Summary
In State v. Lowry, 2019 MT 191, ¶ 17, 397 Mont. 11, 446 P.3d 1148, quoting Barrick, ¶ 17, we noted, "[u]nlike restitution ordered under subsection (1)(a), subsection 1(d) 'provides for recovery of victim expenses involving a cash payment or outlay.'"
Summary of this case from State v. LodahlOpinion
DA 17-0413
08-13-2019
For Appellant: Chad Wright, Appellate Defender, Haley Connell Jackson, Assistant Appellate Defender, Helena, Montana For Appellee: Timothy C. Fox, Montana Attorney General, Robert Stutz, Assistant Attorney General, Helena, Montana, Martin D. Lambert, Gallatin County Attorney, Bjorn E. Boyer, Deputy County Attorney, Bozeman, Montana
For Appellant: Chad Wright, Appellate Defender, Haley Connell Jackson, Assistant Appellate Defender, Helena, Montana
For Appellee: Timothy C. Fox, Montana Attorney General, Robert Stutz, Assistant Attorney General, Helena, Montana, Martin D. Lambert, Gallatin County Attorney, Bjorn E. Boyer, Deputy County Attorney, Bozeman, Montana
Justice Beth Baker delivered the Opinion of the Court. ¶1 Bobby Francis Lowry appeals from the order of the Eighteenth Judicial District Court, Gallatin County, to pay $25,835.37 in restitution to his former employer, Industrial Automation Consultants ("IAC"), after he pleaded no contest to theft of property by embezzlement in violation of § 45-6-301(7), MCA (2015).

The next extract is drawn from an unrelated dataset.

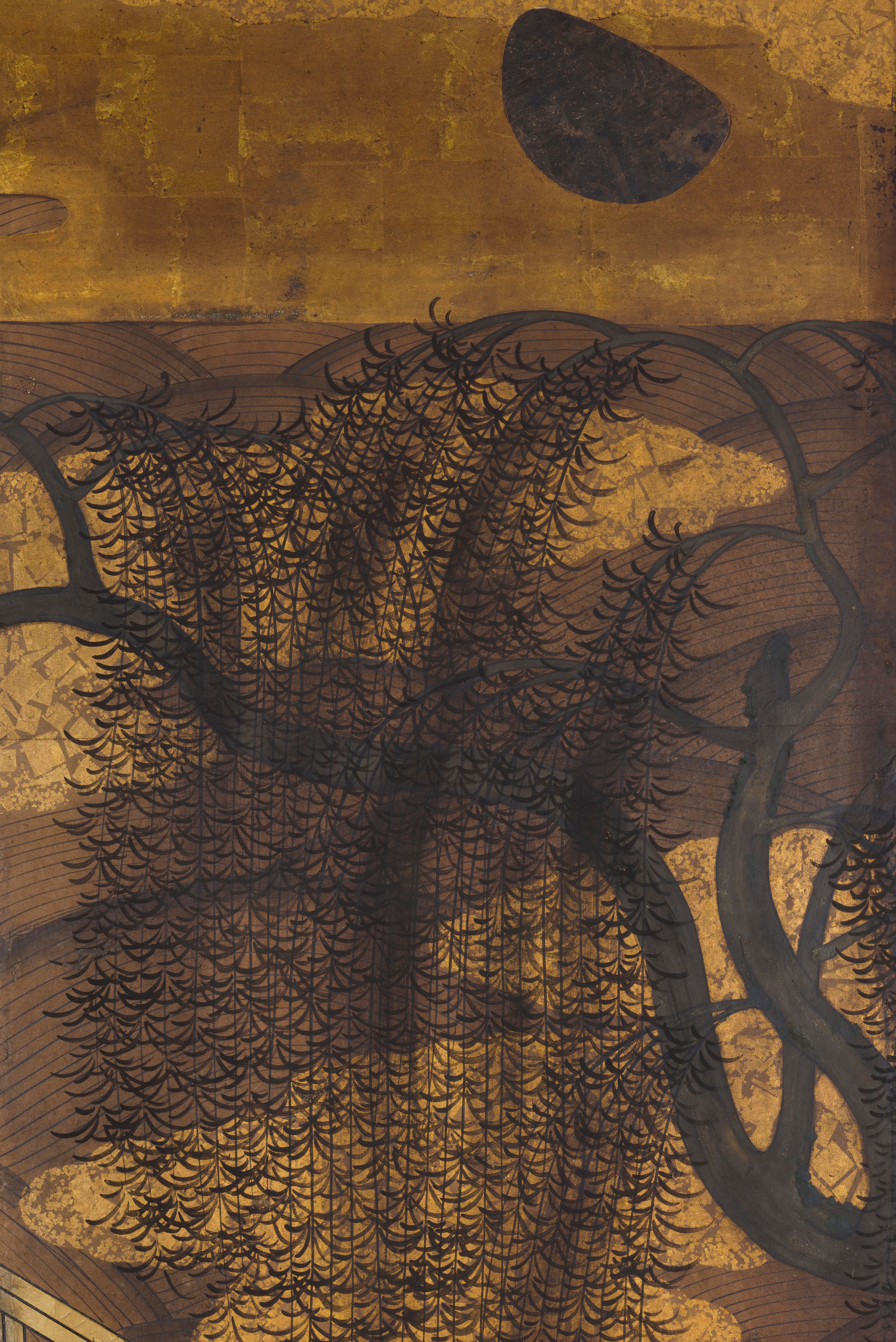 This screen with its depiction of the famous Bridge at Uji is from a genre of Yamatoe-e (Japanese painting) known as meisho-e (paintings of famous places). It is executed with a luxurious combination of gold leaf (both solid and scattered irregularly) and gold paint of contrasting hues and reflectivity. The Uji river tosses up delicate arabesques among its swells as it rushes across the six panels. Reading from right to left one is drawn into this other worldly vision by the expansive golden bridge. Graceful willow trees mark the passing seasons and a waxing moon in silver leaf hangs amongst the clouds in the distance.

Lowry argues that § 46-18-243, MCA, does not authorize $13,989.31 of the ordered restitution. We agree with Lowry in part. We reverse a portion of the challenged award and remand for recalculation of restitution.
PROCEDURAL AND FACTUAL BACKGROUND
¶2 Lowry began working as a senior project engineer for IAC in March 2015. IAC provided Lowry with a laptop, an external backup hard drive, and an adapter cable for his work. Lowry spent most of his time with IAC on a project to retrofit an existing control system to a new control platform for an IAC client. During his month-long tenure with IAC, Lowry recorded 112.5 hours on IAC client projects, 18.5 hours in internal training, 8 hours at a quarterly meeting and a conference, and 20 hours of paid time off. On or about April 14, Lowry stopped coming to work. Despite IAC’s requests to return the laptop and accessories to IAC, Lowry did not return them. IAC reported the theft of the laptop and related equipment to the Gallatin County Sheriff in April 2015. The State charged Lowry with felony theft of property by embezzlement in violation of § 45-6-301(7), MCA (2015), in December 2015.
¶3 After Lowry left the company without returning the laptop, IAC refused to send him his last paycheck. Lowry filed a complaint with the Montana Department of Labor & Industry. In August 2016, the parties settled the wage dispute. In the settlement, IAC and Lowry agreed to deduct from Lowry’s final paycheck the costs of a missing office key, the laptop, and an unpaid hotel bill that Lowry incurred during his employment and IAC paid on his behalf.
¶4 In September 2016, Lowry entered into a plea agreement with the State and pleaded no contest to the charged offense. He admitted that he refused to return the laptop to IAC. The court adjudged Lowry guilty of felony theft of property by embezzlement and scheduled a restitution hearing. ¶5 At the hearing, the State submitted an amended restitution request totaling $25,835.37. The request included the cost of the missing equipment not already deducted from Lowry’s final paycheck, the cost of labor to recreate Lowry’s work, the lost profits from Lowry’s lost work, the cost of Lowry’s training and paid time off, and the billable value of the hours the office administrator and president of IAC spent cooperating in the investigation and prosecution of the crime. Charles Wambeke, IAC’s president, provided testimony to support the request and laid foundation for receipts for the missing equipment, as well as time sheets from Lowry and from the engineers who recreated Lowry’s work.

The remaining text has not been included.